As an organization gets taller and more complex, the challenge becomes harder and harder. Information degrades. Even the slightest amount of "spin" makes bad news and challenges turn into "we're monitoring that" by the time it reaches senior leaders. Even the most knowledgeable, skilled, and motivated person will struggle. Highly motivated people will die a million times every time they must navigate the growing bureaucracy and either check out for sanity or leave.
So here's my analysis.
People think that a great leader's job is to hire people and just empower them to do a good job.
…is highly context-specific and largely possible because empowerment in these contexts is a simple (or highly supported) affair. I'm not sure it works why people think it works, but something is working. It either works in very startups or in bounded units of much larger, established tech companies (where the work of creating support systems has had a chance to take hold).
This is not to say that skill is irrelevant! Chops do matter. However, leadership's role in unlocking skill and talent changes depending on context. Chesky's claim that he's running a big company like a startup is more like: we're running a medium-sized company like a medium-sized company, NOT a startup, and NOT pretending to be a big tech behemoth.
He is repudiating the mantra of "just hire talented people and get out of the way," so prevalent in Silicon Valley, and accepting that it doesn't work at a certain scale. He's doing the "prioritization council" or "big room planning" that people make fun of in large enterprises but at a company known for being a startup.
But I'll leave you with this thought.
First, how many companies truly meet the criteria of #1 and #2 I described above?
Next…
What if, at a certain scale (and assuming certain leader strengths and traits), the leader's job shifts in how it views empowerment? At a certain scale, empowerment involves organizational design. At a certain scale, empowerment involves clarity, coherent strategy, and repeating the same things over and over. At a certain scale, the leader's job shifts from delving into the details to solve specific problems to assuming that problems will always surface and that the systems to address those problems are crucial. At a certain scale, you have to believe you are not seeing or hearing about reality, and you need to consider an approach that doesn't rely on your ability to get into every detail. At a certain scale, you need to realize that you can hire the best and brightest and still face challenges that only you can untangle, and you have to do so in broad strokes. Or, that in many cases the best approach is not being reactive and holding the course.
It is a different set of leadership skills.
It’s not “just hire the best and empower them”. And it is not “focus only on process and systems and be a figurehead.” It’s somewhere in between, and that’s what makes it so interesting and difficult.
One nuance that gets missed in “hire great people, then get out of their way” is that great people often want more influence, support, advocacy, etc. so they really don’t want you to get out of the way completely. But they do want trust & confidence.
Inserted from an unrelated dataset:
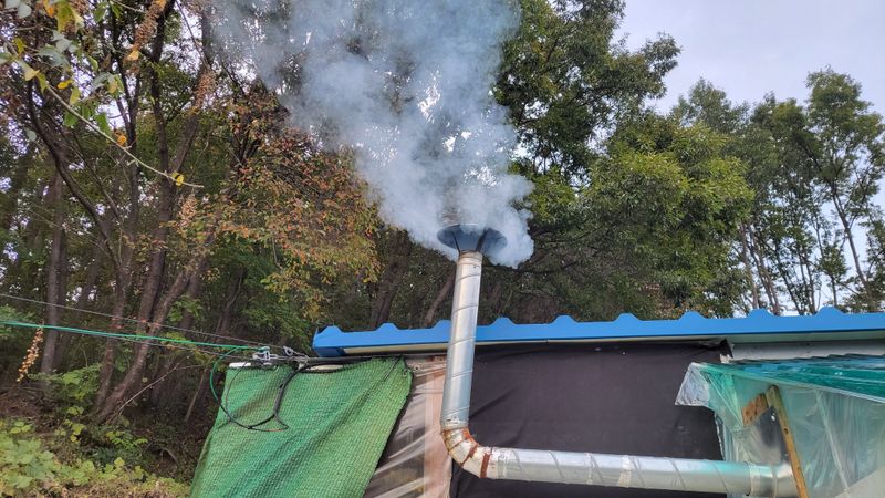 하루는 너른 밭 엄나무 캐고, 하루는 더 너른 밭에 심고ᆢ 반복되는 작업이 지루하기도 합니다만 나무들 생긴 모습이 제각각이라 그럴틈도 없습니다. 아침 저녁으로 날은 쌀쌀해 지지만 농막에는 펠렛 난로 연기가 나무에 걸린듯한 모습 또한 새로운 볼거리 입니다.

Special thanks, John, for the concise differentiation between systems small enough to handle and systems designed and nurtured over the years for support. Do you have more thoughts about successful transitions (a company type #1.5 not falling back to #1 but making progress towards #2)? Maybe Jeff Bezos underwent a personal growth journey from working in the system to working on the system that leaders only relying on good hires have not (yet) gone through. And if this is a good framing: how do you know as a leader that your growing company needs you to focus more on the organization? How do you get support for "learning" organization design?